UberDDR3 has come a long way! Once capped at DDR3-800, it can now push DDR3-1333 and even DDR3-1600. But reaching these speeds isn’t as simple as increasing the clock rate—FPGA constraints, speed bins, and interface bottlenecks all come into play.
In this blog, we’ll break down DDR3 speed grades, FPGA speed limitations, and master interface logic to identify what might be holding you back to reach the peak speeds. Then, we’ll put UberDDR3 DDR3-1333 and DDR3-16000 to the test with two demo projects: MicroBlaze Dhrystone Test and DDR3 Reliability Test.
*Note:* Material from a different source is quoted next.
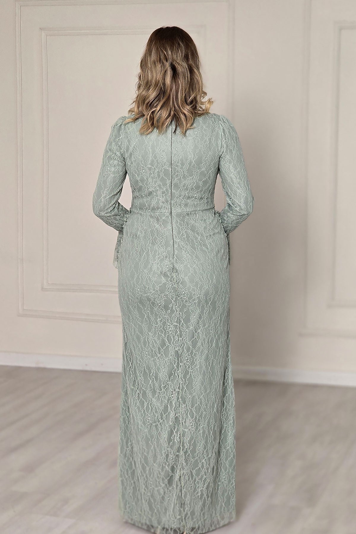 Su Yeşili İspanyol Kol Dantel Elbise 5656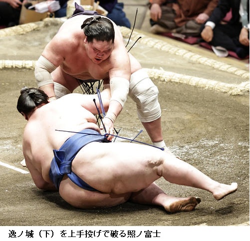 ▽横綱 照ノ富士に大栄翔は照ノ富士がはたき込みで勝ちました。

Let’s see how fast UberDDR3 can go!
Table of Contents:
I. DDR3 Speed Grades Explained
DDR3 memory operates at different speed grades, defined by their data rates (MT/s), which determine the maximum theoretical bandwidth. These speeds follow the JEDEC standard:
Speed Grade | Data Rate | Memory Clock Speed | Bandwidth |
DDR3-800 | 800 MT/s | 400 MHz | 6.4 GB/s |
DDR3-1066 | 1066 MT/s | 533.33 MHz | 8.5 GB/s |
DDR3-1333 | 1333 MT/s | 666.66 MHz | 10.6 GB/s |
DDR3-1600 | 1600 MT/s | 800 MHz | 12.8 GB/s |
Key things to note:
DDR3 speed grades typically range from DDR3-800 to DDR3-1600 (though DDR3-1866 exists, it’s uncommon in FPGA designs).
The actual clock speed of DDR3 memory is half the data rate because DDR3 transfers data on both the rising and falling edges of the clock.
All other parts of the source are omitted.